Which is good, because every time one thing doesn’t work, there’s one thing less to discover that doesn’t work, getting you one step closer to the thing that does work.

So you have this recipe/procedure/protocol that you need to optimize, or get the best out of. You start off with rather good energies, thinking the most it will take you is, what, three weeks? It seems pretty simple. You’ll easily find the best way to do it in that much of time. 

As you try on and on, you realize there are so many factors and parameters that are affecting the whole process. And to get to the best possible option, you will need to twiddle with all of those (ALL of those, one at a time. And then of course you have to make sure that once you are checking one factor, something else doesn’t meddle in and give you some kind of false positive or negative).

But…

… Do you even have all the options jotted down? There might be more. There must be something you are missing.

… What if option G was the best recipe?
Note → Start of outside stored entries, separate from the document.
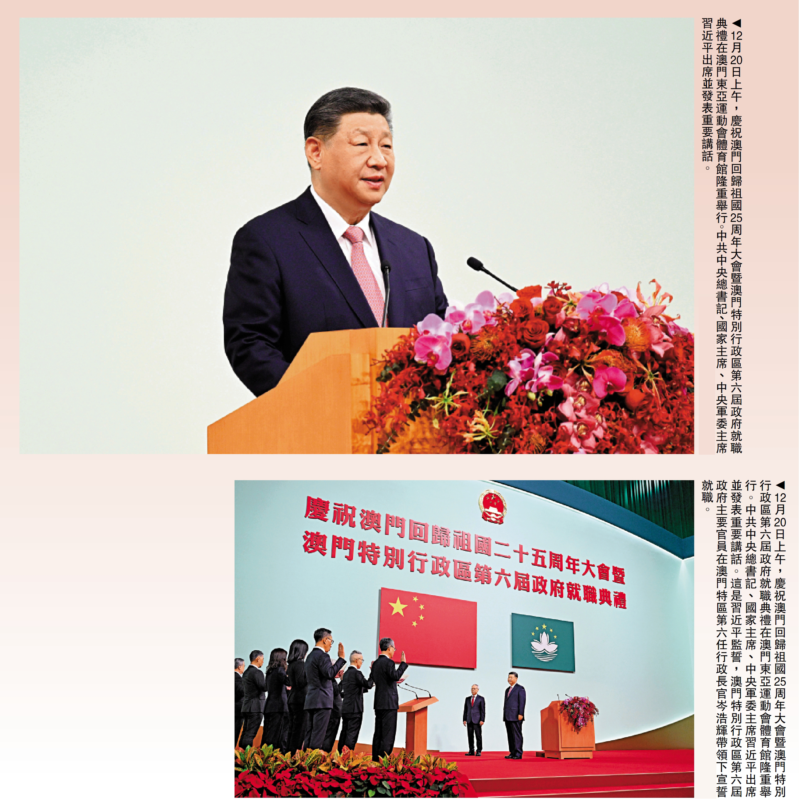 在慶祝澳門回歸祖國25周年大會暨澳門特別行政區第六屆政府就職典禮上,習近平主席深刻總結香港、澳門回歸以來的實踐經驗,指出繼續推進「一國兩制」實踐行穩致遠需要把握好以下4條:一要堅守「一國」之本、善用「兩制」之利,二要維護高水平安全、推動高質量發展,三要發揮獨特優勢、強化內聯外通,四要弘揚核心價值、促進包容和諧。
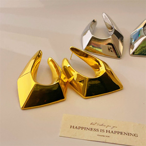 欧美铜合金几何夸张大耳环电镀18K金时髦冷淡风极简耳钉耳饰品
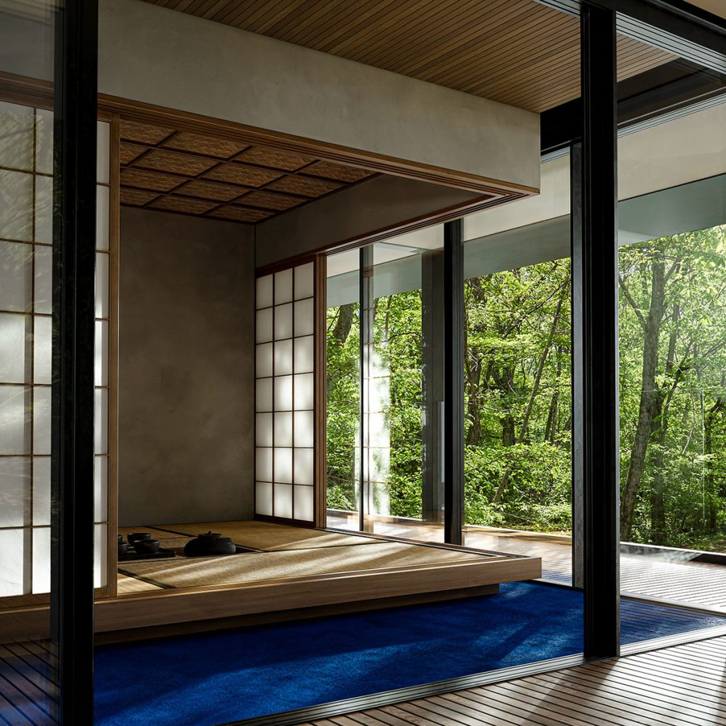 MASU 別墅延續這份靈活與創新。片山採用可追溯至安土及桃山時代的「數寄屋」(Sukiya-zukuri)概念,因其有多重文化意涵:古時的「數奇者」(風雅人士)為擺脫束縛,會按各自喜好去建造茶室,故「數寄」日語發音「Suki」可解作對和歌、茶道及花道的喜愛,是高雅生活的體現;此外,這詞彙又指向建築中尚未完成的「空缺」,鼓勵用家發揮想像改動柱子、壁紙或壁龕鮮花等佈置,創造多元裝潢。

It did give some results but you probably went ahead trying H, I, J, K, L because you may discover something better (there might be no “better”, but you’ll need to find that out for yourself, now, won’t you?).

… Would “better” pass off as “best”? What even is meant by “best-possible recipe/procedure/protocol”? Is there a “better” than what you are considering “best”?

After everything, you end up with lots of data, most of which is just proof of how, mostly, it doesn’t work (if you are lucky, it may be otherwise). Obviously, there’s always a chance that nothing is going to work. And it might be some time before you realize that you need to change the whole game plan.

I mean, a PhD is like life in real time. So you want to learn about life, go get a PhD: It will teach you things in a couple years that you might take decades to learn otherwise.